Start of Block

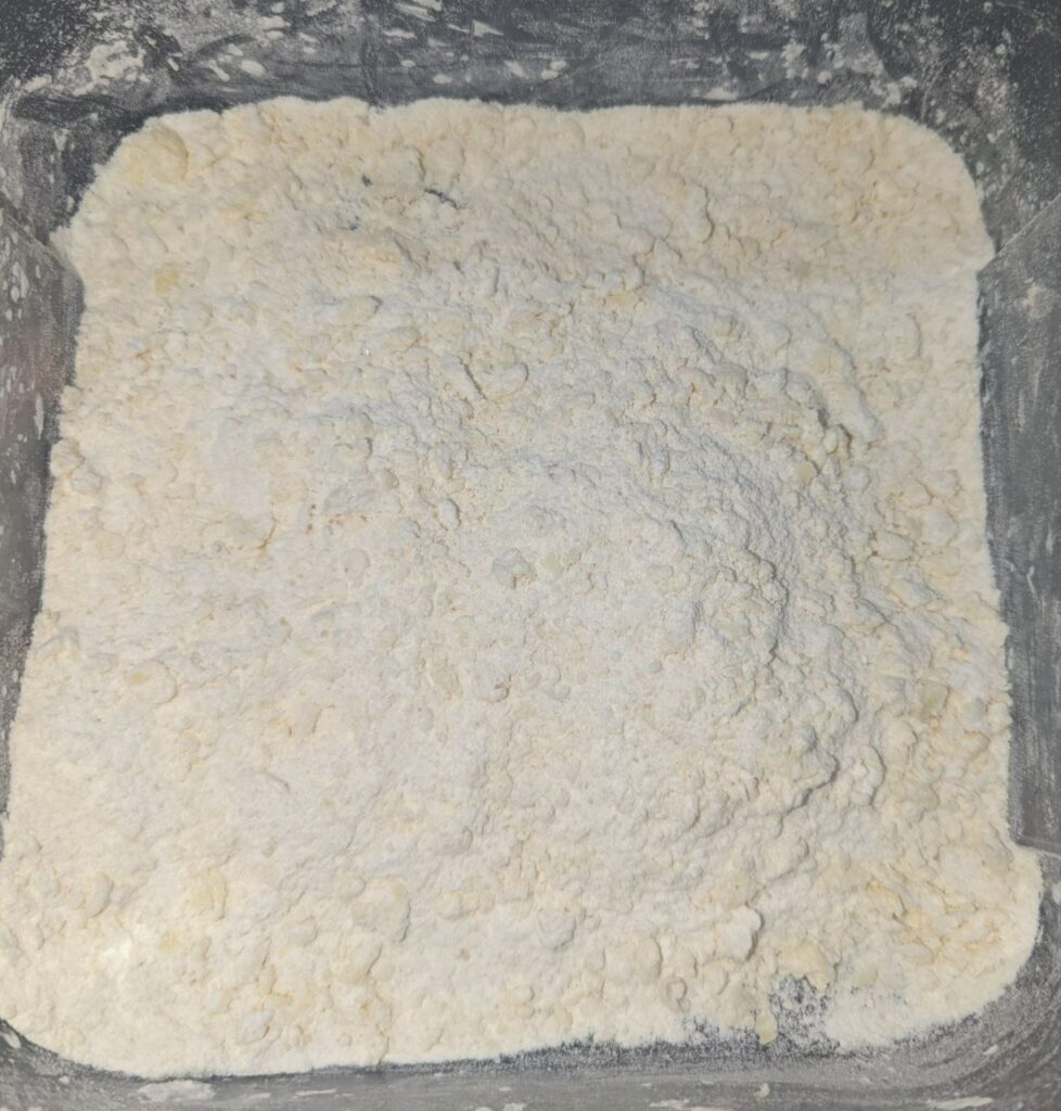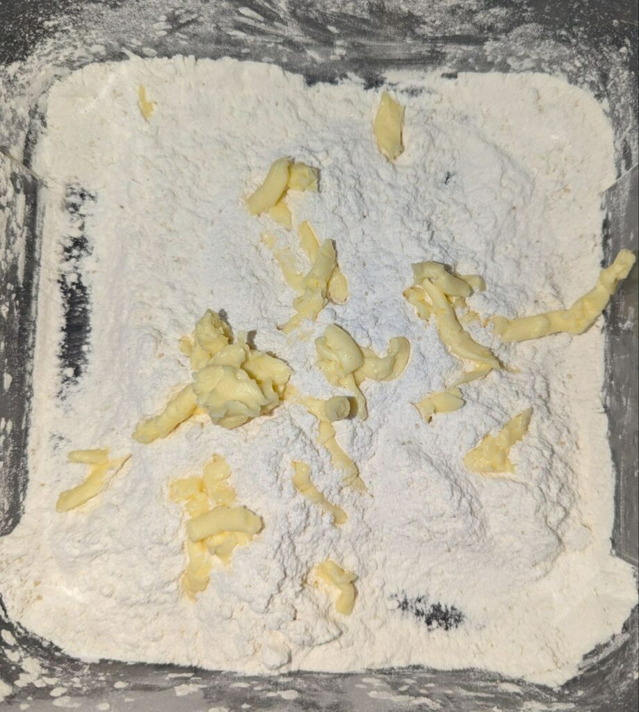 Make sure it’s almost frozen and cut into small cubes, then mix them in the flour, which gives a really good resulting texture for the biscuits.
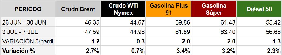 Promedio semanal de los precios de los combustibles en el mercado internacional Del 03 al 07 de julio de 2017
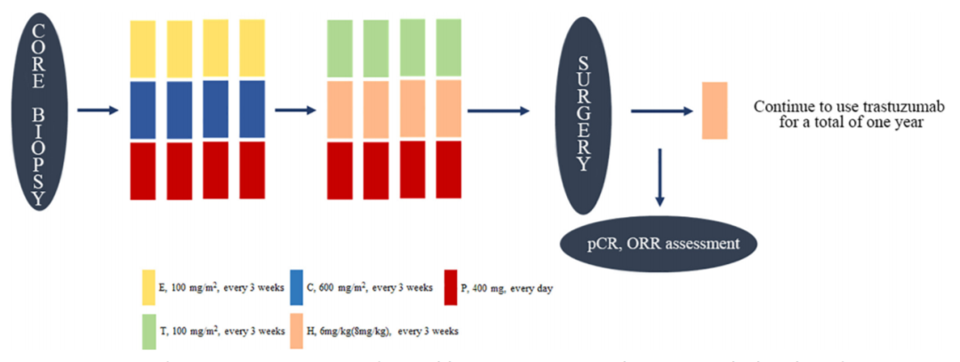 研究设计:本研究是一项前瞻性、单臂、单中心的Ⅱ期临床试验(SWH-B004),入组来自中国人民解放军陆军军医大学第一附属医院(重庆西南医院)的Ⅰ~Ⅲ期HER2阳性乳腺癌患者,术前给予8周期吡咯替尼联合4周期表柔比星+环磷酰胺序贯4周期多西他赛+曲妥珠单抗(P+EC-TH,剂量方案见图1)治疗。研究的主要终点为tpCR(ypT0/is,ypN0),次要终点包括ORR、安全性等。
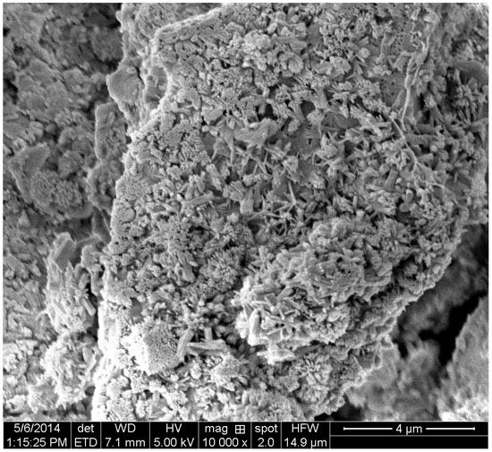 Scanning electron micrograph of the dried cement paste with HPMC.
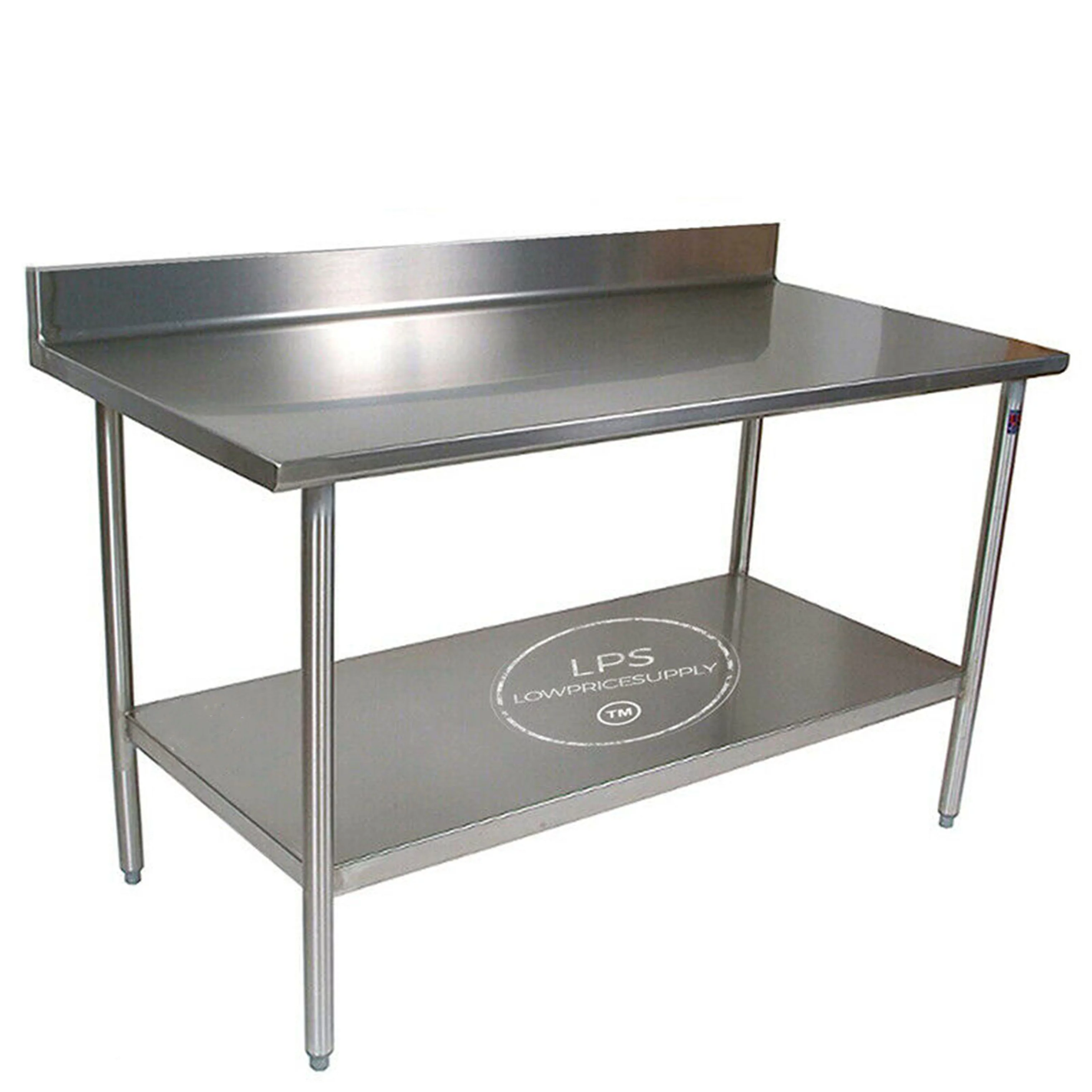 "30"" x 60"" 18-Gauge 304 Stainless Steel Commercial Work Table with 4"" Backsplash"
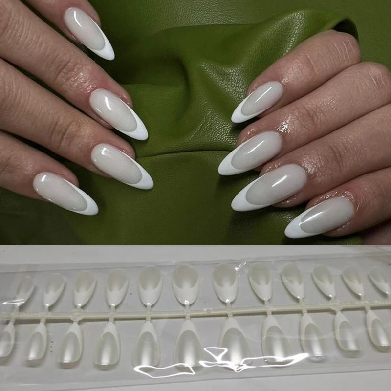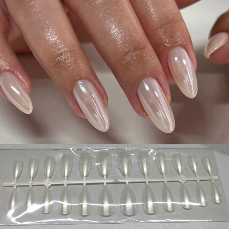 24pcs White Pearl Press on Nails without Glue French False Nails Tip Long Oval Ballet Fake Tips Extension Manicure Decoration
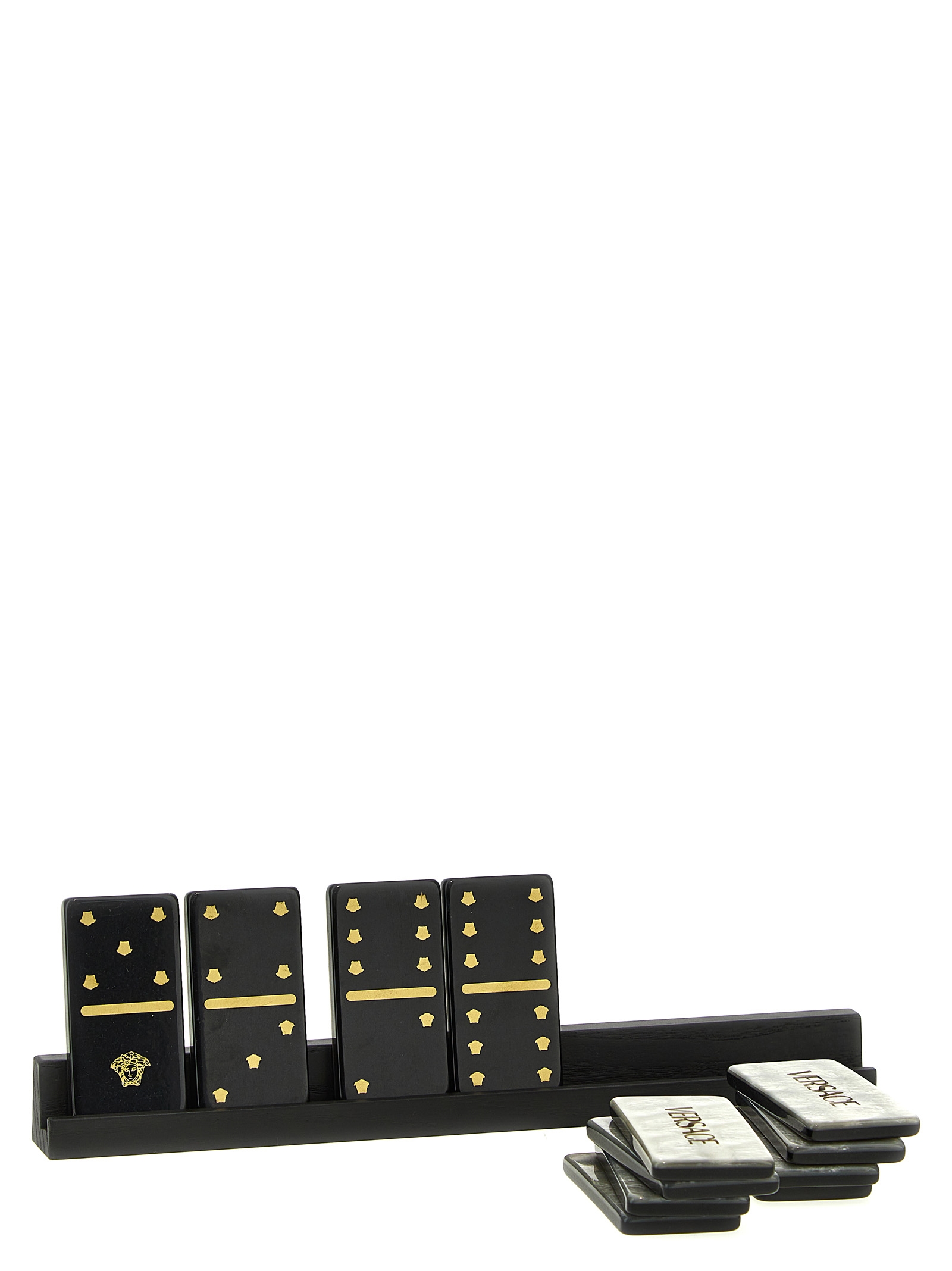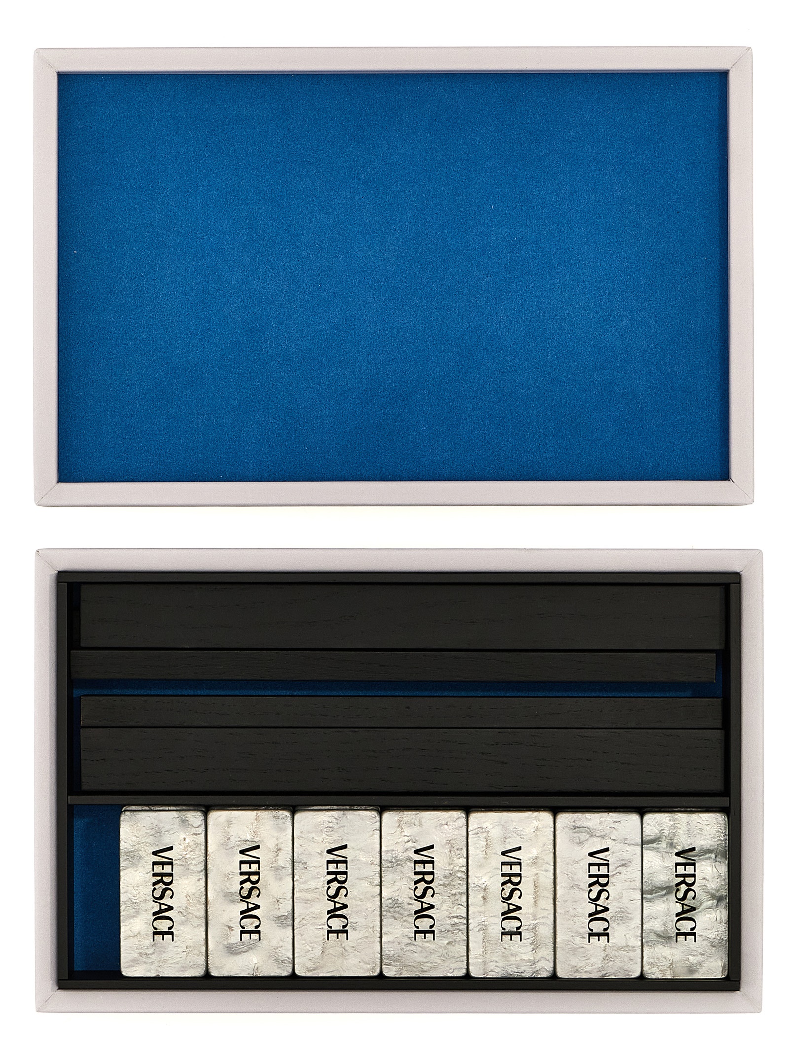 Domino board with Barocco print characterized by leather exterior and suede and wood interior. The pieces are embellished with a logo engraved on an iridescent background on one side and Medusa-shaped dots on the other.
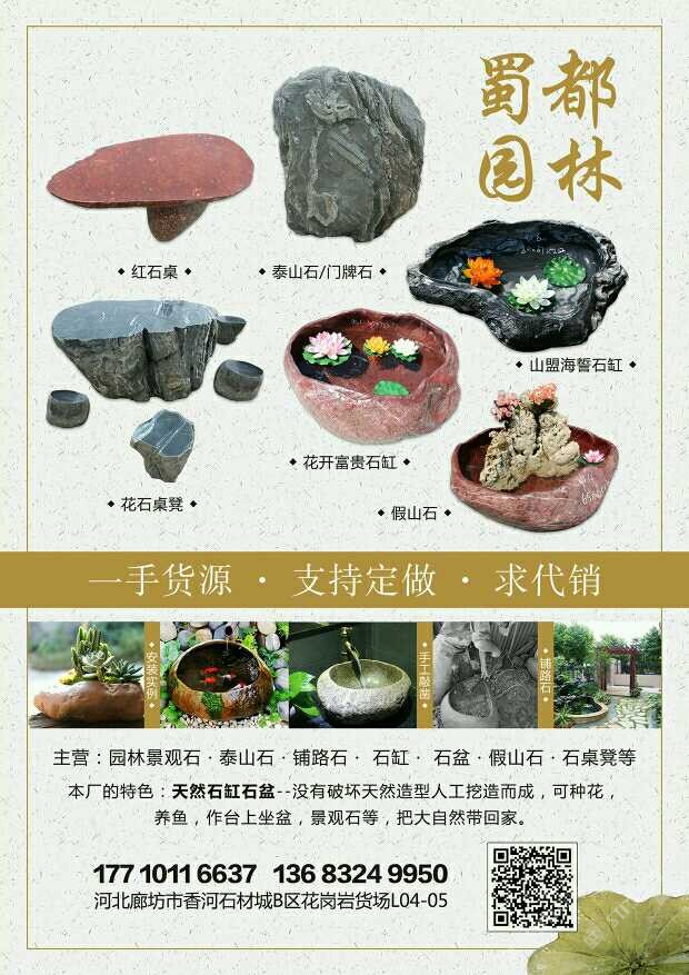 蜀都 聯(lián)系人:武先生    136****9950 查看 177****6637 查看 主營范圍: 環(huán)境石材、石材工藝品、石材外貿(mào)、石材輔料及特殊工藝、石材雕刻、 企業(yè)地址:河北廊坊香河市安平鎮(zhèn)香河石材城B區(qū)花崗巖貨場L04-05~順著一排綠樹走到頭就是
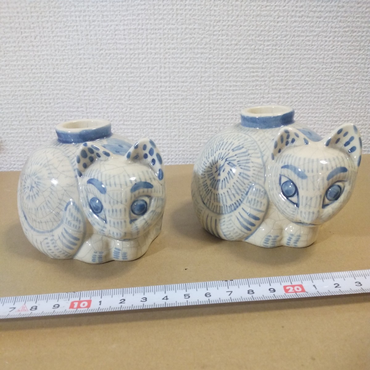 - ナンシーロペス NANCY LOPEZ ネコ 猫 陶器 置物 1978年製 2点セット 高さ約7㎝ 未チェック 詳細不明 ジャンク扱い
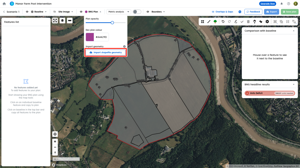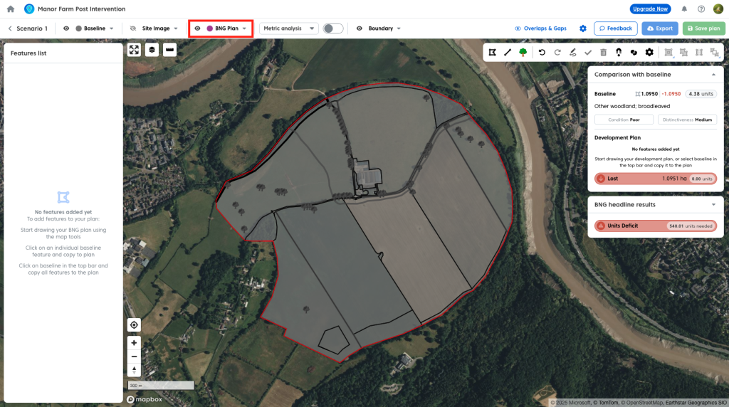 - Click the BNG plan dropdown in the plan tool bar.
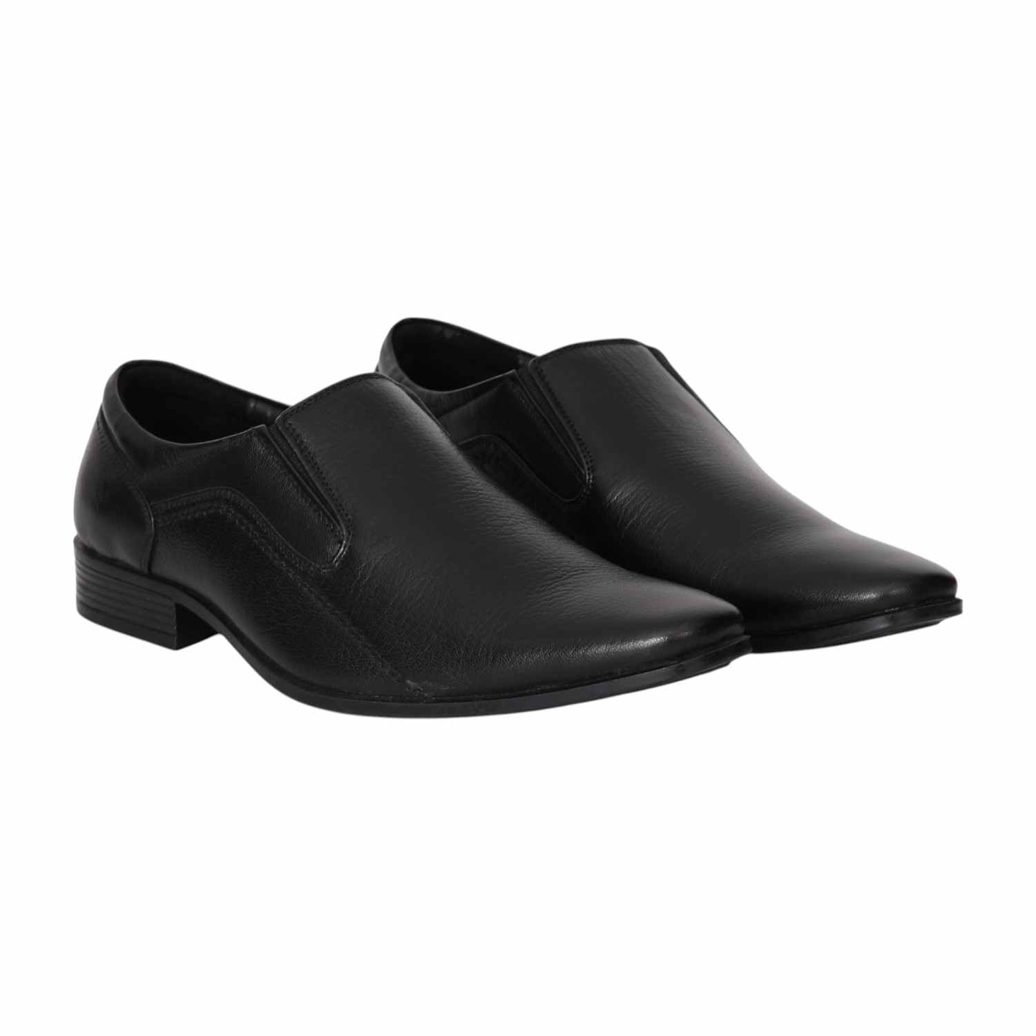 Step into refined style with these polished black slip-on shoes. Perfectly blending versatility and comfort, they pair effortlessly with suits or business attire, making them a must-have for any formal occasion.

End of Block

__Your instructions__: Pictures aside, reproduce exactly the lines from the one containing "蜀都 聯(lián)系人:武先生    136****9950" to the end of the listing above, both ends included.

__Response to this task__:
 蜀都 聯(lián)系人:武先生    136****9950 查看 177****6637 查看 主營范圍: 環(huán)境石材、石材工藝品、石材外貿(mào)、石材輔料及特殊工藝、石材雕刻、 企業(yè)地址:河北廊坊香河市安平鎮(zhèn)香河石材城B區(qū)花崗巖貨場L04-05~順著一排綠樹走到頭就是
 - ナンシーロペス NANCY LOPEZ ネコ 猫 陶器 置物 1978年製 2点セット 高さ約7㎝ 未チェック 詳細不明 ジャンク扱い
 - Click the BNG plan dropdown in the plan tool bar.
 Step into refined style with these polished black slip-on shoes. Perfectly blending versatility and comfort, they pair effortlessly with suits or business attire, making them a must-have for any formal occasion.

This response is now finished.